Generally, playing GS reminds me of a whole bunch of other excellent hori shmups I’d rather be playing instead. Keio’s Flying Squadron (which featured simultaneous horizontal and vertical parallax scrolling!), Biometal (with music by 2 Unlimited), Darius 2, or Einhander, which is also on PS1 and PSN, for the same price as GS. And that’s the crunch. There’s a lot of other, much better shmups on PSN, all vying for your limited supply of Yen or Hong Kong dollars.

But I don’t want to criticise it too much, because it’s doing precisely what I want from PSN: making forgotten, obscure and rare games available to the public for a low price. And considering how under-represented the shmup genre is these days, I’ll eat saccharin and call it honey if it gets my mind into that one-credit zone. Gaia Seed is fun, and certainly superior to Soldner-X (which was terrible). If you’ve already got Einhander, the Taito Raystorm/Crisis games, Darius, Cotton, Gunner’s Heaven, and hell even Cho Aniki, then Gaia Seed is worth adding to your collection – just make sure it’s low down on your PSN list.


Before finishing off, I’d like to add that there’s a clever trick to finishing the game. Each boss comes with a timer to defeat it within, and to see the true ending and final boss, you need to let the timer run down without killing him – just avoid his attacks.


Most screenshots stolen from this guy.


6 comments:

  1. Konami called, they want their Gradius score font back.

    But I love all SHMUPS regardless of their quality (excepting that MegaDrive hentai SHMUP and the Action 52 shmups) and also regardless of the fact that I pretty much suck at them.
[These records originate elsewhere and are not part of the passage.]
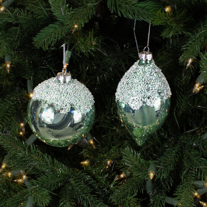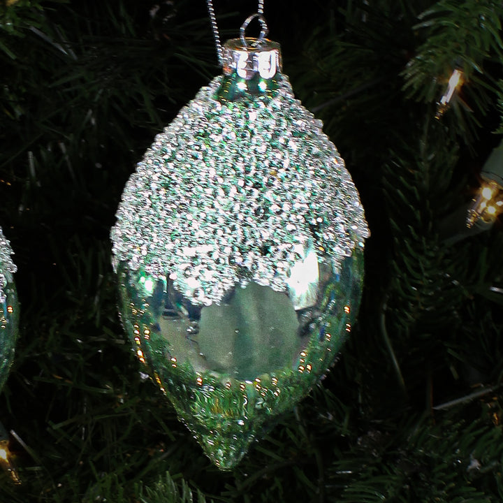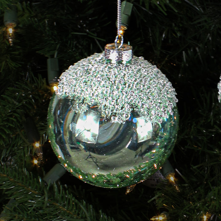 This 4" turquoise glass hanging ball ornament with matching jewel stands out with its vibrant color and refined style. The jewel embedded in the center subtly sparkles, adding a luxurious touch to this ornament. Its turquoise hue is reminiscent of icy landscapes and polar atmospheres. Perfect for adding a colorful and vibrant accent to a contemporary Christmas decor.
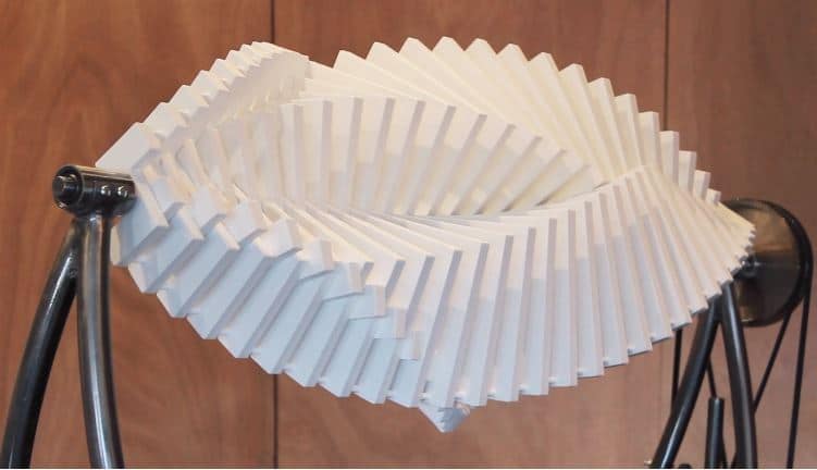 Các góc và đường cong khác nhau của các bộ phận riêng biệt tạo ra sự thống nhất tổng thể một cách hoàn hảo khi kết hợp chúng trên trục. Hai ‘cánh’ được hình thành bởi 77 bộ phận này có thể trượt qua nhau và xoay theo hướng đối diện với tốc độ sai lệch nhau chút ít. Điều này khiến chuyển động có vẻ phức tạp hơn nhiều, nó có nhiều lớp, làm cho các hình dạng lặp đi lặp lại và như thể đang di chuyển trong nhau.
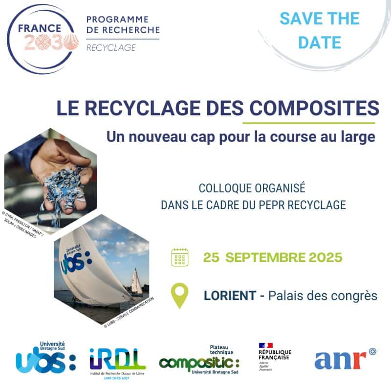 Ce colloque est organisé par l’Université Bretagne Sud (IRDL et plateau technique ComposiTIC) dans le cadre du projet RecyComp dont le but est d’imaginer de nouvelles générations de composites à matrice organique (CMO) recyclables à partir de matières premières de recyclage.

    How does one get ahold of this PLAY issue? :3

    ReplyDelete
  2. Off the top of my head, it was last month's issue, the one with that Muramasa tentacle cover.

    ReplyDelete
  3. Yeah, it's the Muramasa cover.

    Print copies for sale:
    https://www.pubservice.com/PYStore/ProductsList.aspx?WG=279

    Digital:
    https://www.pubservice.com/PYStore/ProductsList.aspx?WG=288

    ReplyDelete
  4. So totally ordered a print copy (actual books > PDF), thanks again! ^_^

    ReplyDelete
  5. I actually really like this game. A bit on the seasy side, but challenging enough for a few days, and the music and atmosphere is great.